Two stale-test traps surfaced once the masking failure was fixed (a `mode: 'serial'` file
hides every test after the first failure, so fixing one unmasks the next):

- **Hard-coded amounts per table row index** (`openEditModal(page, 3)` then
  `expect(amount).toBeCloseTo(400)`) break because same-date seed transactions have no
  pinned row order. Read the actual value (e.g. the grid's `.account-grand-total-row`)
  instead of hard-coding.
- **Helpers that navigate the old multi-step wizard** (`click('button:has-text("Transaction
  Actions")')`) hang once the modal is single-page. Drop the navigation; the action tabs
  are present immediately.

## Flat decode leaks stray form fields into the saved entity (the `method` 500)

Dropping the wizard's `step-params[...]` field-name prefix and decoding posted params
**straight into the form schema** means the decode now captures **every** posted field, not
just the namespaced ones. A single stray field breaks the save:

- The tab switcher is `(com/button-group {:name "method"} …)`, which emits
  `<input type="hidden" name="method">`. Under the wizard, `method` lived *outside*
  `step-params[...]` so it never entered the decoded map. After the rename it decodes to
  `:method ""` (malli `:map` is open and passes unknown keys), rides into `snapshot` →
  `tx-data`, and `:upsert-transaction` rejects it → **HTTP 500 on save**.
- Symptom: the save POST fires (confirm with a `println` in the submit handler) but the
  modal never closes, because the 500 trips `htmx:response-error`. The server error may go
  to mulog, not stdout — an empty stdout log does **not** mean "no error." Reproduce the
  exact POST with `curl` (add/remove one field) to isolate the offender fast.
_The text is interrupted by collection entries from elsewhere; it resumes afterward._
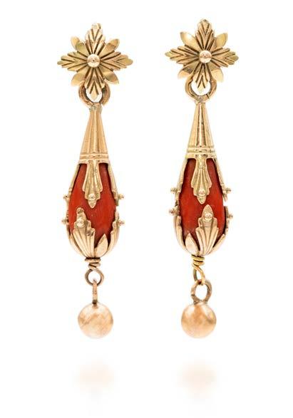 COPPIA DI ORECCHINI A MONACHINA IN ORO E GRANATI
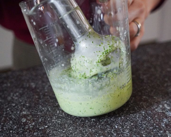 4.ディルソースの用意をする。材料を全て合わせ、高速ミキサーやハンドブレンダーで撹拌する。
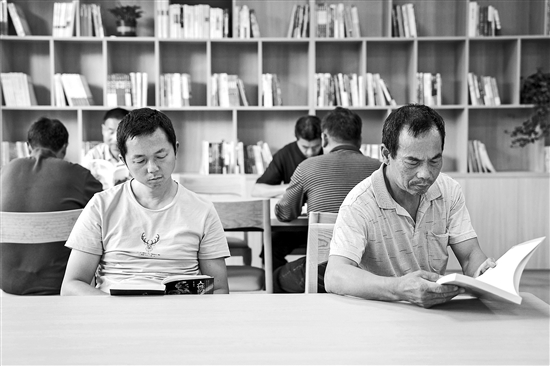 4月23日,湖南省首個高速公路服務區閱讀室“悅行書屋”在京港澳高速平江服務區(北往南方向)投入使用,過往司乘人員正在閱讀室閱讀書籍。新華社記者 陳思汗 攝
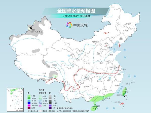 后天,新疆北部和南疆西部山區(qū)、西藏東部等地部分地區(qū)有小到中雪或雨夾雪,其中,新疆伊犁河谷等地部分地區(qū)有大雪。華南南部、海南島、臺灣島等地部分地區(qū)有小到中雨,局地有大雨。
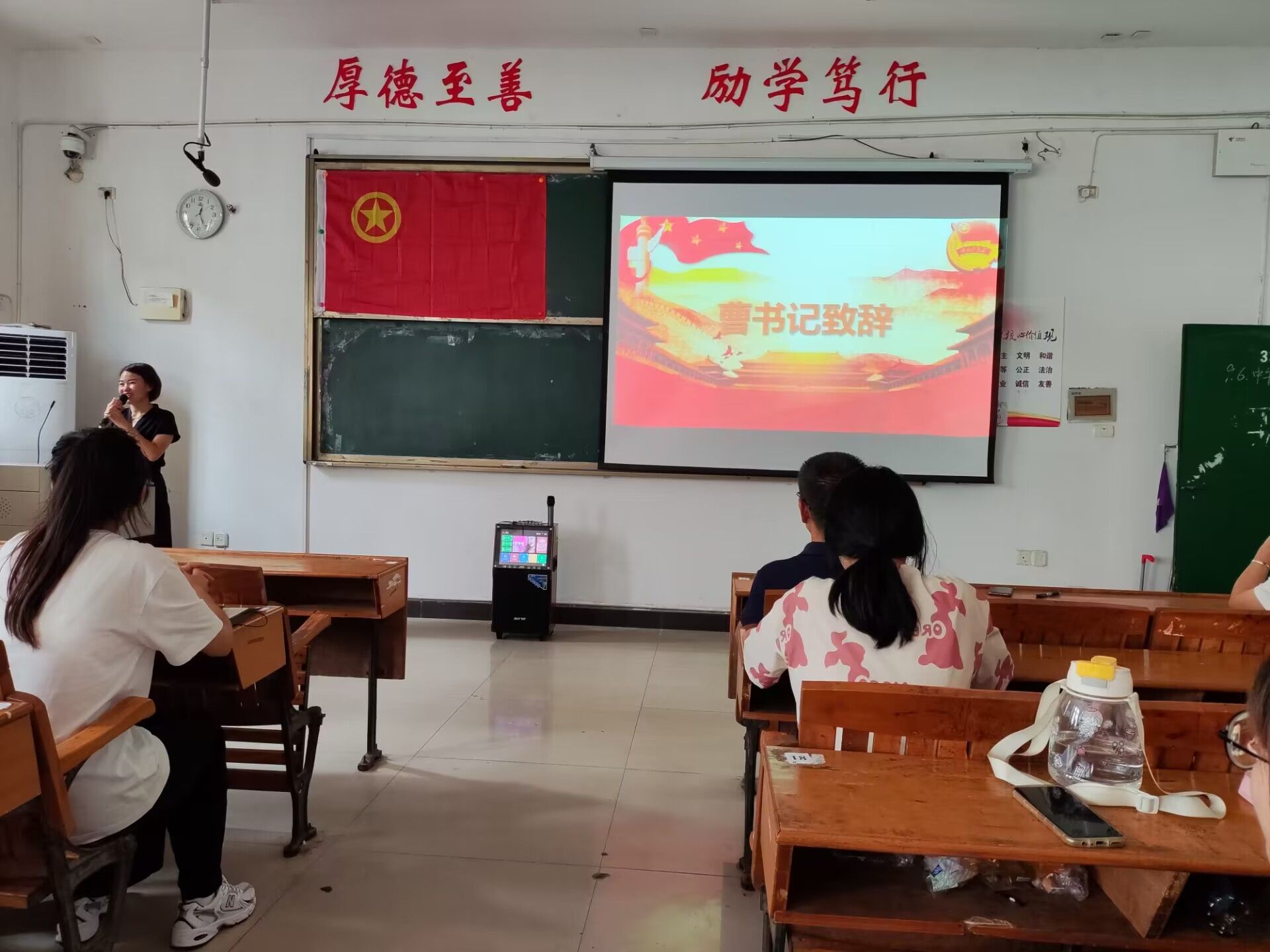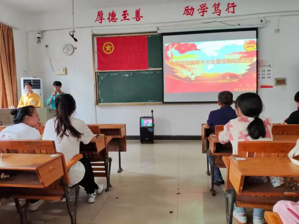 为全面提高学生干部的综合素质,进一步培养学生干部求真、务实、争先的工作作风,促进干部自身的沟通交流意识,增进团体合作精神,顺利开展迎新的各项工作,外国语学院于2023年9月6日中午12:20在英华楼3306教室召开学干大会暨迎新动员大会,莅临本次大会的嘉宾有外国语学院党委书记刘佳萍、党委委员曹金萍、团委书记冷全宝,20级辅导员江双莲,学生会副主席邓楠楠,以及各部门部长和学干们。
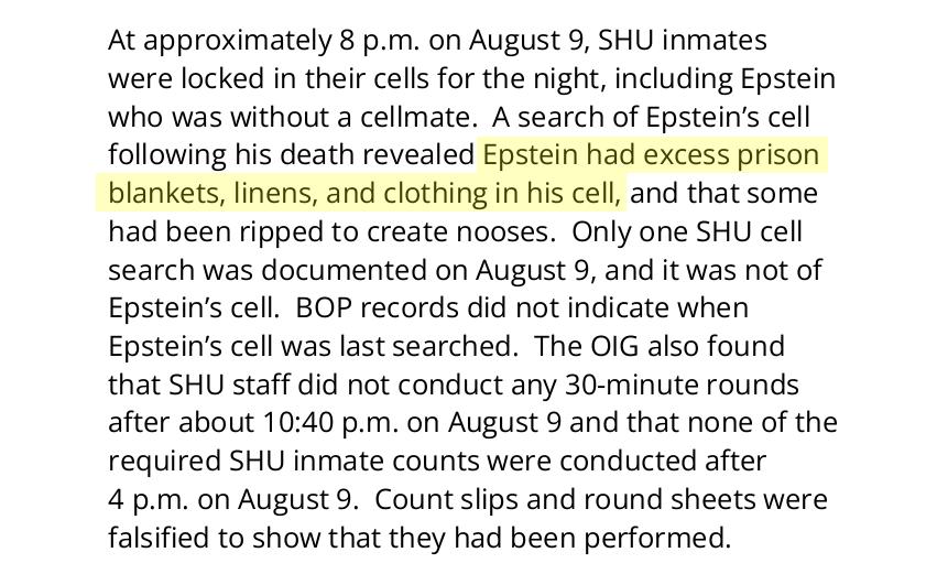 The US government keeps telling us no-one entered Epstein’s tier between 10:40 pm and 6:40 am, the period in which he allegedly crafted a hanging rope and hung himself. You know, from the “excess” of laundry that was delivered to his room which, you know, contained a guy on suicide watch.

**Fix:** strip the decoded map to the schema's known top-level keys before threading on
(`select-keys decoded edit-form-keys`); keep that allowlist next to the schema. Nested
account sub-maps decode fine — only the top level needs the guard.

## REPL reload does not refresh a running jetty's routes — restart the JVM

`handler/match->handler-lookup` is a top-level `def` capturing `(merge ssr/key->handler …)`
at load, through a chain of module-level `def`s (`edit` → `ssr.transaction` → `ssr.core` →
`handler`). Reloading the leaf `edit.clj` updates it but **not** the captured merges, and a
jetty started `(run-jetty app …)` holds a static `app` that doesn't re-deref the lookup per
request. Net: after a handler/route/record change, an already-running dev server keeps
serving the **old** code — `curl` shows the pre-change response (e.g. the old wizard
transitioner) while your REPL renders the new one. **Restart in a fresh JVM** for
route/record/middleware changes. For e2e, the Playwright test server
(`lein run -m auto-ap.test-server`) is a fresh JVM compiling from disk — but kill any stale
`:3333` first (`reuseExistingServer` reuses it), and kill **by port**
(`ss -tlnp | grep :3333`), never `pkill -f test-server` (it matches its own command line).

## Full-suite e2e flakes are shared-seed interference

The test server seeds once at boot; edit tests **save** (mutate) those seed transactions.
Run in parallel, workers race the same rows and earlier saves pollute later reads → phantom
failures that pass in isolation.

**Proper fix (landed on `staging`, adopted at the rebase):** a `/test-reset` endpoint
(`test_server.clj` → `reset-test-data!` recreates + re-seeds the in-memory db) called from a
`test.beforeEach` in each spec, plus `fullyParallel: false` + `workers: 1` in
`playwright.config.ts`. Every test starts from the same deterministic dataset regardless of
run order. This **supersedes** the earlier `--workers=1`-only workaround (which kept order
dependence; it merely serialized the races instead of eliminating cross-test state).
Post-adoption baseline is **39 pass / 0 fail** — the previously-flaky
`transaction-navigation.spec.ts` date-range test is now green, because `/test-reset` removes
the residual mutation it was tripping over.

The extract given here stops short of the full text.